Manque d’eau, de nourriture, abri insalubre, exposition aux violences sexuelles : la Cour européenne des droits de l’homme (CEDH) a condamné jeudi la France pour avoir abandonné à son sort un Afghan de 12 ans lorsqu’il vivait sur le camp de « la lande » de Calais (nord) en 2016.
L’enfant, parti d’Afghanistan un an plus tôt, a « vécu durant plusieurs mois dans le bidonville (…) dans un environnement totalement inadapté à sa condition d’enfant et dans une précarité inacceptable au regard de son jeune âge », a spécifié la CEDH, condamnant la France pour « traitement dégradant ».
Le Défenseur français des droits, Jacques Toubon, a souligné « le caractère majeur » de cet arrêt. L’État doit prendre « la mesure de cette condamnation sévère pour assurer le respect effectif des droits fondamentaux de tous les enfants présents sur le territoire français », a-t-il poursuivi.

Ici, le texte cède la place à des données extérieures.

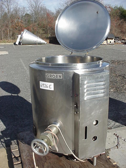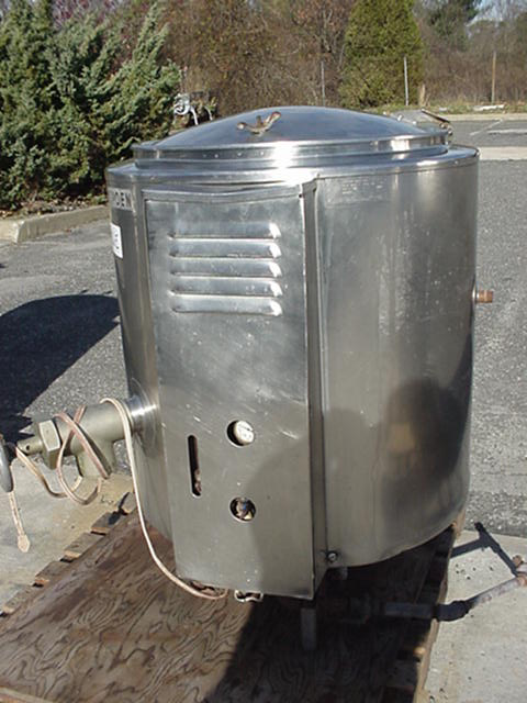 1-Used groen model ah-40-sp 40 gallon stainless steel self-contained gas fired kettle. Jacket rated 30 psi @ 300 degrees f. National board number 27026 and code stamped. Dimensions approx. 26″ diameter x 22″ deep. Kettle has hinged lid and approx. 2-1/2″ diameter tangential outlet with valve.

Dans leur arrêt, les juges dressent un portrait cauchemardesque des conditions de vie dans la « Jungle », nom officieux de ce campement de bric et de broc, au nord-est de Calais, qui a accueilli jusqu’à 10000 migrants désireux d’entrer au Royaume-Uni avant d’être démantelé. Accès limité aux soins et à l’eau potable, conditions d’hygiène déplorables, manque de nourriture, promiscuité…
Dans ce contexte, « les mineurs isolés étrangers se trouvaient de surcroît exposés à divers dangers, dont celui de subir des violences physiques et sexuelles », souligne la Cour.
«Tente de fortune avec un accès très compliqué à l’hygiène et une grande insécurité»
Rencontré lors d’une maraude en février 2016, J. « vivait à plusieurs dans une tente de fortune avec un accès très compliqué à l’hygiène et une grande insécurité », a raconté Solenne Lecomte, coprésidente de l’association La Cabane juridique à Calais, qui a accompagné le jeune migrant dans ses démarches auprès de la Cour de Strasbourg.
Alors que la zone sud du campement était évacuée par les autorités, la tente du jeune homme a été détruite. Un juge des enfants avait ordonné sa mise à l’abri et J. s’était déclaré « favorable » à cette solution, note la CEDH. Mais cette décision n’a pas été exécutée. Quelques semaines plus tard, le préadolescent a quitté la France pour entrer clandestinement au Royaume-Uni où il a été recueilli par les services britanniques de l’aide à l’enfance.
La CEDH « estime que ces circonstances particulièrement graves et l’inexécution de l’ordonnance du juge des enfants (…) constituent une violation des obligations pesant » sur la France. À Calais, « les autorités compétentes n’avaient pas même identifié le requérant comme tel », déplorent les juges européens, estimant que « les moyens mis en œuvre pour identifier » les mineurs isolés étrangers étaient « insuffisants ».
Le préfet du Pas-de-Calais, représentant l’État, a assuré que la situation visée par l’arrêt datait du « temps de la lande » et que la situation se présente « dans un nouveau contexte différent » aujourd’hui.
Selon l’association Salam, vivraient actuellement à Calais « 500 à 600 » migrants. « Le problème existe encore aujourd’hui, avec un nombre important de mineurs non accompagnés qui dorment dehors », affirme Didier Degrémont, président du Secours catholique dans le Pas-de-Calais.